Purpose: In this study, the researchers proposed to explore how instructional procedures foster students' long-term retention of information and skills. The researchers aimed to focus particularly on factors that can be readily manipulated in almost every learning context, be it a classroom or a computer-aided instruction or distance-learning program. The researchers were going to use a series of 10 cognitive experiments to examine factors that affect retention or forgetting of learned information. Results from this work were to provide new information relevant to classroom practice and instructional interventions designed to improve students' ability to retain learned information over extended periods of time.

Structured Abstract

THE FOLLOWING CONTENT DESCRIBES THE PROJECT AT THE TIME OF FUNDING

The researchers in this project are adding a series of 10 cognitive experiments to an ongoing research program examining factors that affect retention or forgetting of learned information. Two studies are designed to investigate the effects of different study schedules (i.e., different lengths of time between study sessions) on the retention of skills and knowledge, using vocabulary words taught to 8- to 10-year-old children in one study, and people who visit an Internet site to learn about skin cancer detection in the other.

Two additional studies are designed to examine testing effects on fact and foreign language learning. Specifically, these studies will compare the effects of regular study activity (i.e., the simple presentation of information to be learned) versus using testing as a study method, and whether observed differences in learning vary depending upon the length of the retention interval.

Another study will compare discovery learning with learning under more passive conditions. Specifically, this study will examine whether children and adults who discover knowledge for themselves are more likely to learn and retain that knowledge than are individuals who receive the same knowledge more passively.

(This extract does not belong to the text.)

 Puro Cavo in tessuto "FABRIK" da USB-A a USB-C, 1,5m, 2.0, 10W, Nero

In this study, participants will be randomly assigned to 1 of 5 different learning conditions varying in the extent to which they require active hypothesis testing to discover an underlying principle, versus being given the principle directly, and learning will be assessed following a 30-day retention interval.

Two studies will focus on whether receiving intermittent versus consistent performance feedback affect learning and retention of information, and two additional studies will assess the differential effects on learning and retention of six feedback conditions varying in how long feedback is delayed and how long it is available once presented.

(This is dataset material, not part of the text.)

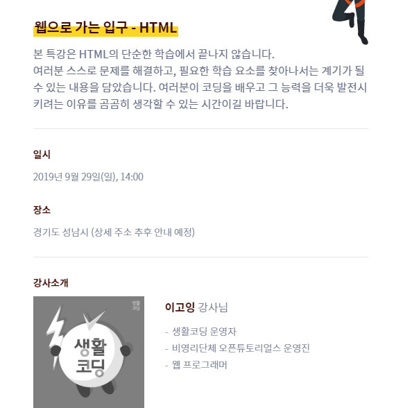 9월 29일 판교에서 예정인 특강 내용은 HTML에 관한 내용이네요.

The tenth study will examine the effectiveness of an intervention based on findings from the earlier studies, focusing on material that is already being taught to students enrolled in early high school grades—particularly content that is taught once and that is not reviewed or practiced in other classes. Students will be randomly assigned to one of several review intervention conditions. The review session will take place at several possible delays after their classroom learning took place. Delay intervals and procedures for review will be developed based on earlier findings. After a delay of up to 18 months after the review session, a final test of retention will be given.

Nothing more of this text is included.